Task instructions. A single stretch of the material below is to be transcribed exactly, starting at the line with "Рис. 3. Внешний вид терминала" and ending after the line with "Ввод символов осуществляется".

Source material.
+++

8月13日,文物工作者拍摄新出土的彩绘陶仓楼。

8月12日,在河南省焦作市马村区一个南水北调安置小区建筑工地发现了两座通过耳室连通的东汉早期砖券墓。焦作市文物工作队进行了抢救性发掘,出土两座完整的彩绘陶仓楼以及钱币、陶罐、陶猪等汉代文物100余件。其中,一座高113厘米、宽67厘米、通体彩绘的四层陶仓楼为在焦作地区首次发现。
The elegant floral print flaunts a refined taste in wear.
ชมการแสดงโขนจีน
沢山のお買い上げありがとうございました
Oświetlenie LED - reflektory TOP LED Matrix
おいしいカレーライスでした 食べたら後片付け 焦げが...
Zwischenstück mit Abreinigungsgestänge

+++

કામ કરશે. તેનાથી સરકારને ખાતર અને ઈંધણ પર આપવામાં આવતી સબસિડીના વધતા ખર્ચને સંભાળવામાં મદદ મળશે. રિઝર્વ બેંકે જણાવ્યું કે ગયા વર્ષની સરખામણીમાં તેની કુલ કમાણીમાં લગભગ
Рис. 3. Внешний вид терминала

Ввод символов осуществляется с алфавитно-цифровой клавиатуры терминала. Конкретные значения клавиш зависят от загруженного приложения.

+++

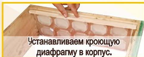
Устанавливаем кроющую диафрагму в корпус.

+++

Solution for this problem.
Рис. 3. Внешний вид терминала

Ввод символов осуществляется с алфавитно-цифровой клавиатуры терминала. Конкретные значения клавиш зависят от загруженного приложения.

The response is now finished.